O how they bend their backs and fingers tirle!
Moving their quivering heads their brains do whirle
With diverse moodes; and as with uncouth rapture
Transported, so doth shake their bodies structure:
Their eyes do reele, heads, armes and shoulders moveL
Feet, legs, and hands and all their parts approve
That heavenlie harmonie: while as they threw
Their browes, O mightie straine! That’s brave!
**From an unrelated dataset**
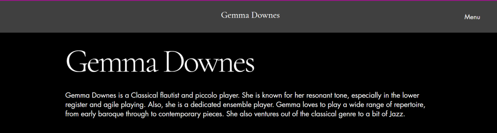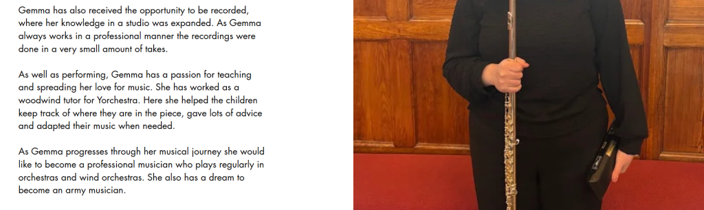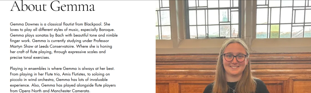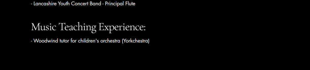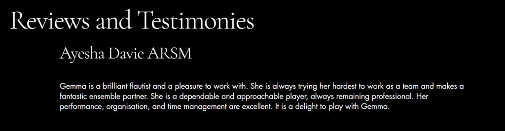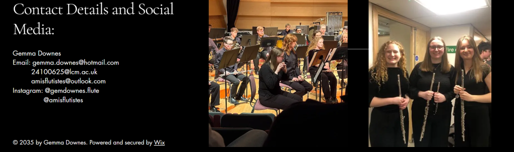 To create a professional aesthetic for my EPK I went with the colour theme of black and white. This suggests “simplicity and elegance; perfect for the professional image it’s trying to portray” (Stewart, 2024). Another decision I made was which photos I should use. As I didn’t have any professional pictures I used ones taken by my family where I looked smart wearing concert blacks and was holding my flute. I also play piano and oboe but I chose not to include these in my EPK as there are not many jobs that would require you to play this combination of instruments. This is why I chose to just focus on flute as that is what jobs I want offers from. Another decision that was made to create a professional aesthetic was the naming of the flute trio I am in. We wanted a name that reflected us as friendly and approachable, but also professional. Our original name was Flute Friends, but we decided that this did not sound professional so we translated it into french to get Amis Flutistes . We chose French as we play lots of French repertoire.
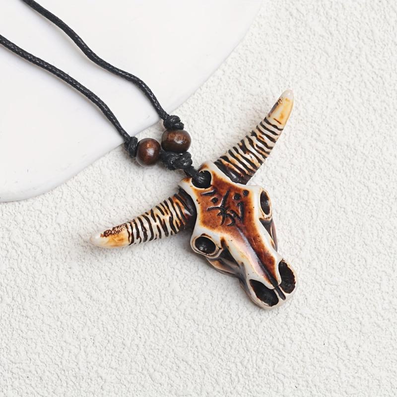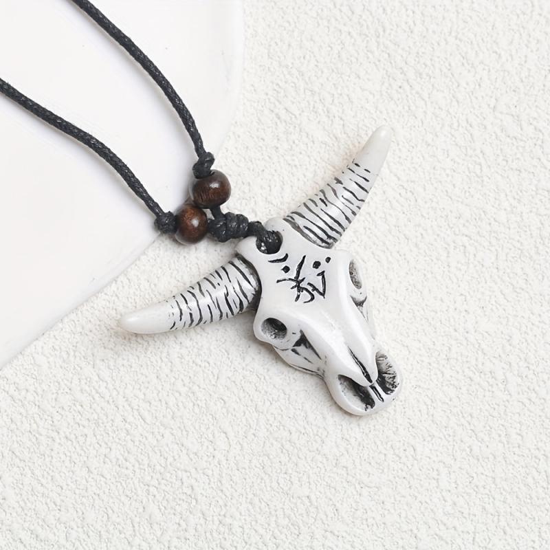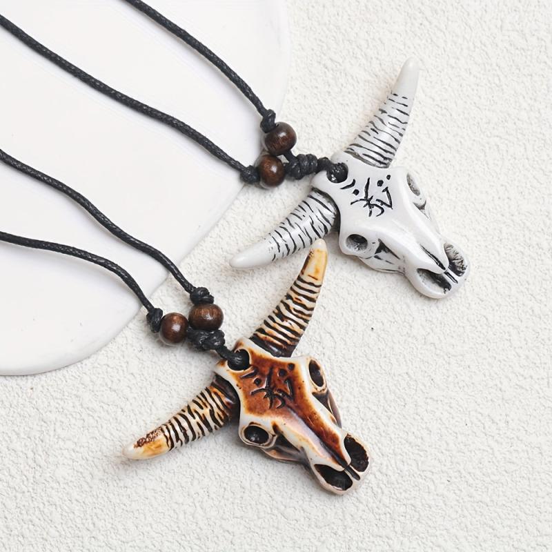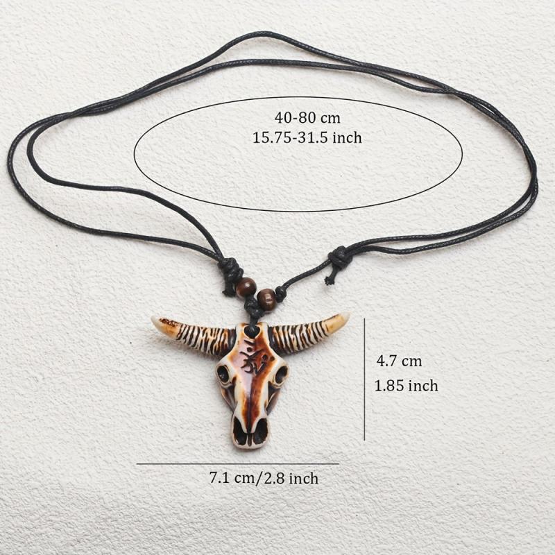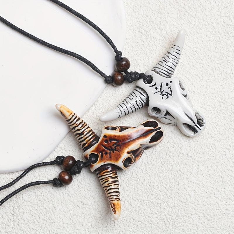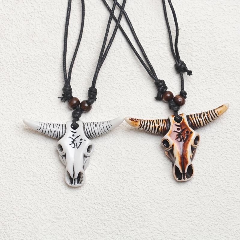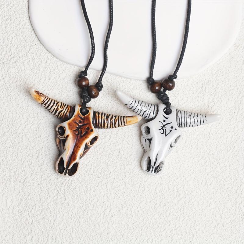 Unique and stylish couple necklace set, perfect for daily wear. Great Valentine's gift for your partner. Features a skull and bull skull pendant.

They shew
Great phantasie; quivering a brief some while,
With full consent they close, then give a smile,
With bowing bodie, and with bending knee,
Me think I heard God Save the Companie.”

Inside the walls of the town, we find a world of Rabelaisian musicking, while outside, the enemy may roar like lyons.

Finally, there is also room in this poem for quieter music.  The Sixth Muse reminds the reader of treasurers brought back from France, and this includes the aubade – a song of daybreak.  The speaker remembers waking up Mr Gall with that Scottish wake-up call, a song called as Hey the day now dawnes.  This is a poem whose antecedents are mentioned in Dunbar’s poem “To the Merchants of Edinburgh” (c1500):

“Your common mentrallis hes no tone
But Now the day dawis and Into Jone

(The “common mistrels” in that earlier poem were the town band, normally pipers).

Gavin Douglas’s translation of Virgil’s Aeneid into Scots (1513) mentions the song:

“Tharto thir byrdis singis in the shawis
As menstralis playing, The joly day now dawes”

Alexander Montgomerie, poet, soldier, and courtier to James VI in the 1580s, wrote a lyric starting “Hey now the day dawis” which was probably at least in part an echo of this theme, and the Aberdeenshire Straloch Lute manuscript compiled c1627-9 has a setting of this lyric for lute.  Clearly the opening words at least of this evergreen favorite, whatever its variant, was still known for its power to wake the ‘drowsie Fellow[s]” in Perth a few years later.

Off the singers of this the jolliest threnody go, singing into the Perthshire countryside: “some pastorall or sonnet sweet to chant.”

This pastoral turns into water music, as the singer takes to a boat with Gall down the Tay to a landing point at Friartown.  Mr Gall urges more singing:

“Monsier, quoth he, I pray thee ease my spleane,
And let me heare that Musick once againe.
With Hay the day now dawnes, then up I got,
And did advance my voice to Elaes note,
I did so sweetlie flat and sharply sing,
While I made all the rocks with Echoes ring.”

There are natural soundscapes in this poem as well.  The echoing winds around Windie Gowle “make the hollow rocks with echoes yowle”.  If the head of Orpheus sang in death all the way to the sea, so did the imagined spirit of Gall.

In short, this may not be Milton, but it is musical, and on the edge of the war of the four Kingdoms, shows the Protestant Scots could sing, dance and play as lively a tune in verse as any English Cavalier.